Pada dasarnya pekerjaan kontrak hanya diperkenankan untuk bidangbidang tertentu yang sifatnya sementara seperti memperkenalkan produk baru,
pekerjaan musiman, serta pekerjaan-pekerjaan yang pengerjaannya hanya
sementara dan tdak membutuhnkan waktu yang lama. Namun ketika syarat-syarat
tersebut tidak terpenuhi, para pekerja juga tidak berani menentukan syarat-syarat
penerimaannya sebagai pekerja terhadap pengusaha. Sebab hal itu dilakukan,
sudah pasti pengusaha akan menolak memperkerjakan pekerja karena masih
banyak pelamar lain yang rela bekerja sesuaidengan syarat yang ditetapkan oleh
pengusaha.
Sekalipun pengaturan outsourcing baru ditentukan melalui undang-undang
Nomor 13 tahun 2003, namun dalam kenyataannya persoalan ini sudah
berlangsung cukup lama. Praktik outsourcing telah berlangsung jauh sebelum
berlakunya Undang-Undang Ketenagakerjaan, Khususnya tenaga satpam dan jasa
perawatan/kebersihan (cleaning service).
21

Upah yang Diterima Pekerja Jauh Lebih Rendah dari Jumlah yang Diterima
Pengusaha.
Mengingat dalam kegiatan outsourcing perjanjian kerjasama bukan
ditandatangani oleh pekerja dengan pemberi pekerjaan, melainkan antara
perusahaan tempat pekerja berkerja, selaku penerima pekerjan dengan perusahaan
pemberi pekerjaan, maka negosiasi terhadap upah/jasa pekerja tidak bias diketahui
oleh pekerja/buruh.
Oleh Karena bisnis perusahaan penerima pekerjaan adalah dengan
mempekerjakan pekerja/buruh untk kepentingan perusahaan lain, maka dari jasa
itulah perusahaan memperoleh keuntungan. Keuntungan yang diperoleh berasal
dari selisih antara upah/jasa yang diberikan oleh perusahaan pemberi pekerjaan
dengan yang dibayarkan kepada pekerja. Dengan demikian, tidak mungkin semua
upsh yang diterima dibayarkan kepada pekerja, melainkan akan dipotong sekian
puluh persen untuk keuntungan perusahaan.

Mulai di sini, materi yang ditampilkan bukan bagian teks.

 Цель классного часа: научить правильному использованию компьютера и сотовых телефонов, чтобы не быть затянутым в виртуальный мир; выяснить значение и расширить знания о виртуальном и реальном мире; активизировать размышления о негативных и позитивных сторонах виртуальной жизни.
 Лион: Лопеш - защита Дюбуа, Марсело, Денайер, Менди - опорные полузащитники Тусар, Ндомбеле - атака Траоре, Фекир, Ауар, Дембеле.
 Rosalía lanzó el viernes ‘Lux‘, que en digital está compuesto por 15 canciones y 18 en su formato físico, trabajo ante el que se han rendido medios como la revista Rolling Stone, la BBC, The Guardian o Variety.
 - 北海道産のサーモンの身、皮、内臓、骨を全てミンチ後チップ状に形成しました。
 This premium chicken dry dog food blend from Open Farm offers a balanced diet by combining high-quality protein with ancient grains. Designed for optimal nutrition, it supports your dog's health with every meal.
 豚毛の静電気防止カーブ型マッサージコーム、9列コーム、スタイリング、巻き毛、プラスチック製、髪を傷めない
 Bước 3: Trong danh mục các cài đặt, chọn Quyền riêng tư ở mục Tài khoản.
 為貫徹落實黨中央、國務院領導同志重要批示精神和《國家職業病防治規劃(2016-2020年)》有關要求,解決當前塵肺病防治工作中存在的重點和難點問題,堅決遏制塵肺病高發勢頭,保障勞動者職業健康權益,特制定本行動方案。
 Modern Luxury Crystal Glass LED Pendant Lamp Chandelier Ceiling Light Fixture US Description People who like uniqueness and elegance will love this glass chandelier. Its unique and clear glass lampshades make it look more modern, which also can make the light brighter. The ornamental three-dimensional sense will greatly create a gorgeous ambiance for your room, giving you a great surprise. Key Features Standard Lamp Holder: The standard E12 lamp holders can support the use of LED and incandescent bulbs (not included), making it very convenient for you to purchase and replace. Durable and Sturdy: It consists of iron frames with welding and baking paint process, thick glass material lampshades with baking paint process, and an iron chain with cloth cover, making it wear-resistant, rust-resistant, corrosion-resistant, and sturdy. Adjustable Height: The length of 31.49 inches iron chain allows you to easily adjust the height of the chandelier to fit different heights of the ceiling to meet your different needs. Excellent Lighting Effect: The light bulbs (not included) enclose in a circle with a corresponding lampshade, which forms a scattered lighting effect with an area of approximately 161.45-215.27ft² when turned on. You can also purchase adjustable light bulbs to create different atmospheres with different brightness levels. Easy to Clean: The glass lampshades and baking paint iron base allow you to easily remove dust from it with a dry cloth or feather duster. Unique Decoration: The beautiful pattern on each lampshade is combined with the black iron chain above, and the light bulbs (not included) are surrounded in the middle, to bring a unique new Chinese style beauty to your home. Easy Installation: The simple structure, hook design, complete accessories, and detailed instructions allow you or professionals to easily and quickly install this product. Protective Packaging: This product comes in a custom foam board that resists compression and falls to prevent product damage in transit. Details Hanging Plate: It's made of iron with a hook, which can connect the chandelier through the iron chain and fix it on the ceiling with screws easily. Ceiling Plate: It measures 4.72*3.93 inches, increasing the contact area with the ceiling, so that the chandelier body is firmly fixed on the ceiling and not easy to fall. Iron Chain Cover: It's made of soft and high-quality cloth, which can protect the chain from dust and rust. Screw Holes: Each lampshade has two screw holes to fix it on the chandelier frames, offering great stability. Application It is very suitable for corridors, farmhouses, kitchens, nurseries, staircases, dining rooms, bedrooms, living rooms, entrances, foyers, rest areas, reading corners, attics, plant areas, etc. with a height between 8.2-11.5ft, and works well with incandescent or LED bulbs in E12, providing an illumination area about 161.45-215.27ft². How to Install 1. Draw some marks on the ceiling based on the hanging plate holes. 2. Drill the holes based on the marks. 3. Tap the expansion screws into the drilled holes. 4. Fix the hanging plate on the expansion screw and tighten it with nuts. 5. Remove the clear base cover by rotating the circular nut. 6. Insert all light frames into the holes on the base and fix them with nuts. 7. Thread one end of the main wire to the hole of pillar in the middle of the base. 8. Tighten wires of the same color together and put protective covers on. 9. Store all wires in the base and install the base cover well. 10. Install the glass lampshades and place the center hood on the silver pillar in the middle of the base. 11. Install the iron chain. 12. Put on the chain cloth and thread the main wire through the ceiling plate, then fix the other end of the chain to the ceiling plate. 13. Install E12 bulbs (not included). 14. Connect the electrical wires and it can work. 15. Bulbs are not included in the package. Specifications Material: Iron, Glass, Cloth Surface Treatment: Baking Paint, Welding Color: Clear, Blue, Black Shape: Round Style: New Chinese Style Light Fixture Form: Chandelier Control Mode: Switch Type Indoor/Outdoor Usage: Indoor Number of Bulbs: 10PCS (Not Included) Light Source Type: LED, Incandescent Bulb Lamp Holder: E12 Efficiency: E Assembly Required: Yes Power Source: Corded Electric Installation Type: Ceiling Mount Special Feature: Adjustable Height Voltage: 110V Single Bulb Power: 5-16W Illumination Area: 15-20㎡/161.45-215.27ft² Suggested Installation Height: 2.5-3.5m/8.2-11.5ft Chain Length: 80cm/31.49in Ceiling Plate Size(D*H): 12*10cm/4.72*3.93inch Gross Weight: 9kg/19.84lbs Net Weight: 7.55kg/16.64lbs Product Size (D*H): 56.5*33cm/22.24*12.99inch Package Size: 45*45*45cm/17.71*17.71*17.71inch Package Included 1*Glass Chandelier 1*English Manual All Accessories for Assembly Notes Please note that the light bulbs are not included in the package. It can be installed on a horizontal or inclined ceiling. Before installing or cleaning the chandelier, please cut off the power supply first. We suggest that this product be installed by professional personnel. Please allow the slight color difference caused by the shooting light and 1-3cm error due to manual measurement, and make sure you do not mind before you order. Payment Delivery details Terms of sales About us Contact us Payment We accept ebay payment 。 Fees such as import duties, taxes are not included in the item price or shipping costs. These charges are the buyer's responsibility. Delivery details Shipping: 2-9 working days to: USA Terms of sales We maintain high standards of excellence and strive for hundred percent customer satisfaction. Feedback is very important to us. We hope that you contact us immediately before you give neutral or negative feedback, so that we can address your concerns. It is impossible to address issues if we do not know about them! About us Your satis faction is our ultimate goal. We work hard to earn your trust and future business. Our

Para pekerja umumnya tidak bias berbuat banyak mereka tidak punya
cukup keberanian untuk meminta perusahaan peneriam pekerjan bersikap terbuka
terhadap jumlah uang yang diterima atas tenaga kerja yang diserahkan. Ketika
persoalan ini diketahui oleh perusahaan pemberi pekerjaan, mereka juga tidak bias
secara langsung memaksaakan agar perusahaan penerima pekerjaan membayar
pekerjaannya secara layak. Bahkan sering terjadi, pemberi pekerjaan dan
penerima pekerjaan berkolusi untuk memberikan upah pekerja seminimal
mungkin, sehingga selisih dari upah/jasa tersebut bias mereka bagi-bagi.

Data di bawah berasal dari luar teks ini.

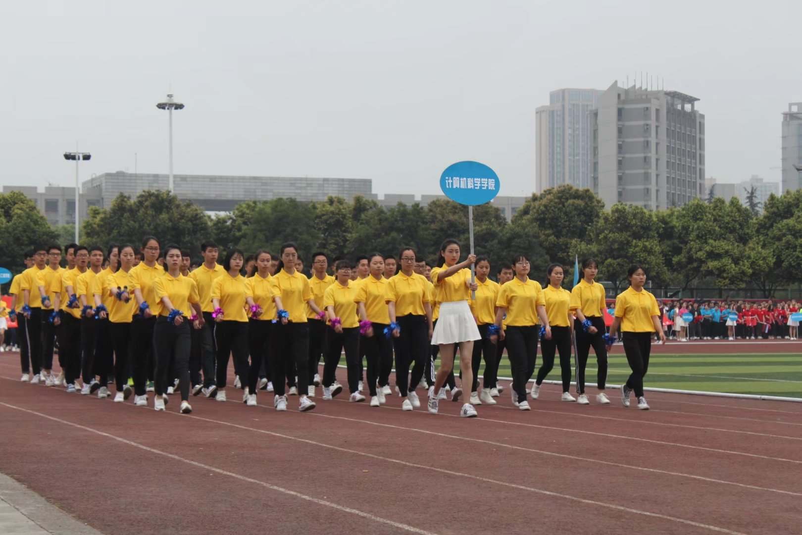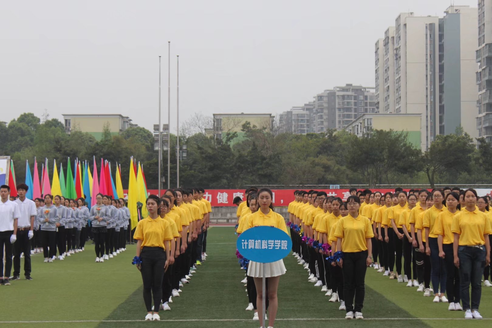 在《運動員進行曲》的背景下,國旗方隊舉著鮮艷的國旗走向主席臺,緊隨其后的是彩旗隊、鮮花隊及各院方陣。他們精神抖擻,邁著整齊的步伐,呼著嘹亮的口號踏步走過。計科院的方陣第三個入場,他們手持花環,昂首挺胸,行至主席臺前時,齊聲高喊:“劈波斬浪,勇攀高峰。計科計科,誰與爭鋒”,引得臺上的觀眾一陣歡呼。方陣表演結束后,裁判員代表及運動員代表分別進行宣誓。在整齊劃一、積極向上的排舞表演結束后,學校黨委書記孫一平宣布西南石油第四十一屆田徑運動會正式開始。
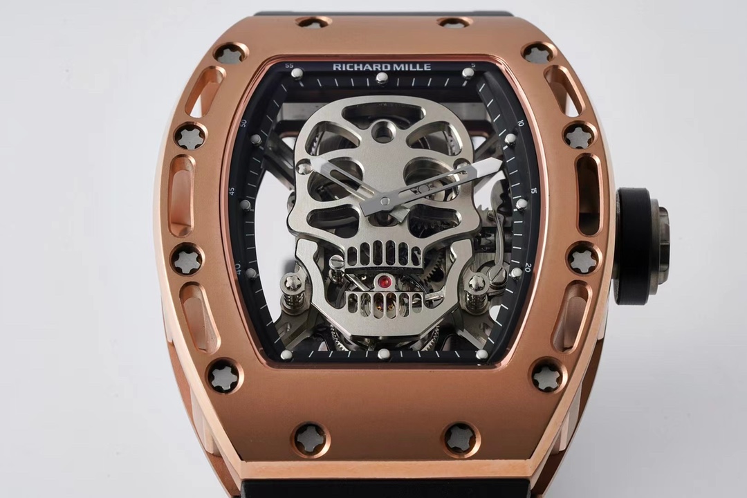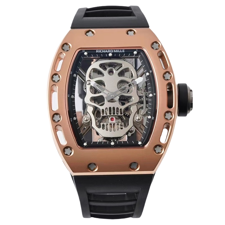 | Richard Mille RM52-01 50mm × 42.7mm Skull Dial Rose Gold Bezel Black Rubber Strap | |
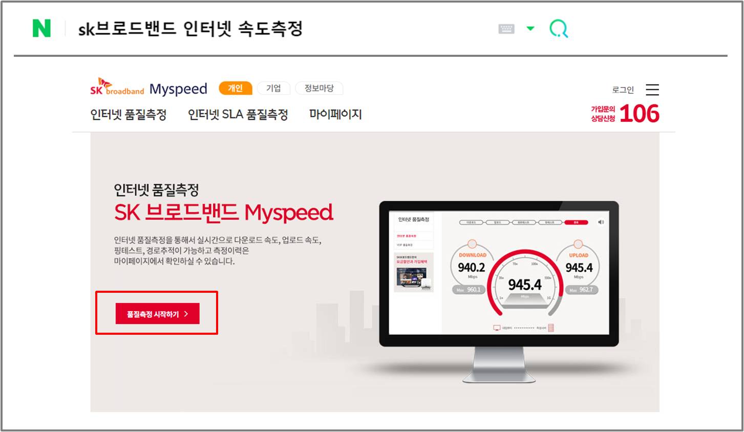 - SK브로드밴드 : SK브로드밴드 인터넷 속도측정으로 검색

Jika merujuk kepada peraturan, mungkin tidak ada undang-undang yang
dilanggar karena perusahaan telah memberikan upah pekerja sedikit di atas upah
minimum. Demikian juga dari segi bisnis, sesuai dengan prinsip ekonomi maka
perusahaan akan berusaha mendapatkan penghasilan yang sebesar-besarnya
dengan pengeluaran yang sekecil-kecilnya. Tetapi secara moral, tidak tidak etis
bial pendapatan pekerja tersebut dipotong oleh perusahaan dalam jumlah yang
besar, padahal mereka tidak melakukan tindakan yang sebanding. Untuk
menciptakan keteraturan dan keadilan, sebaiknya pemerintah membuta aturan
22

yang tegas mengenai batasan maksimum atas hak dan kewajiban perusahaan
penerima pekerjaan, termasuk besaran persentasi yang boleh dipotong dari upah
para pekerja. Dengam demikian, kepentingan pekerja bias lebih terlindungi, serta
pengusaha juga mendapat perlindungan atas kepastian haknya.

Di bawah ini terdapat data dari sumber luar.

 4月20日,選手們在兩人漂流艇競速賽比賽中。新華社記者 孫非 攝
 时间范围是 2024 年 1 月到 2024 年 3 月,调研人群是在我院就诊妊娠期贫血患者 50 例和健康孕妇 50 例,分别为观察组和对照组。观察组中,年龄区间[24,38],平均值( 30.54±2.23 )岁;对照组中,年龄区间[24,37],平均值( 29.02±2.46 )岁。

Pengembangan Keahlian Yang Terbatas
Kendala lain yang dihadapi dalam pelaksanaan outsourcing adalh
sulitnya melakukan pengembangam karir karena di perusahaan umumnya
pekerjaan yang dilakukan adalah satu jenis tertentu secara berulang. Apabila
seseorang bekerja pada perusahaan untuk memproduksi satu bentuk barang,
misalnya kotak televisi, maka hanya produk itulah yang setiap hari dilakukan
secara berulang. Setelah suatu model berlalu, diganti dengan model lain, tetapi
masih tetap bentuk kotak televisi. Demikian juga pekerjaan di bidang sekuriti,
sejak dipekerjakan itu yang dilakukannya.
Keterbatasan pengembangan karir dalam bisnis outsourcing terjadi
karena adanya spesialisasi perusahaan. Spesialisasi itu benar-benra dilakukan
sehingga perusahaan bisa menghasilkan produk missal yang mempunyai
keunggulan ekonomi. Sangat jarang terjadi, dalam satu perusahaan outsourcing
terdapat beberapa jenis produk yang berbeda-beda. Di sinilah letak keunggulan
perusahaan outsourcing, namun secara tidak langsung hal ini telah menghambat
pengembangan keahlian, khususnya para pekerja/buruh.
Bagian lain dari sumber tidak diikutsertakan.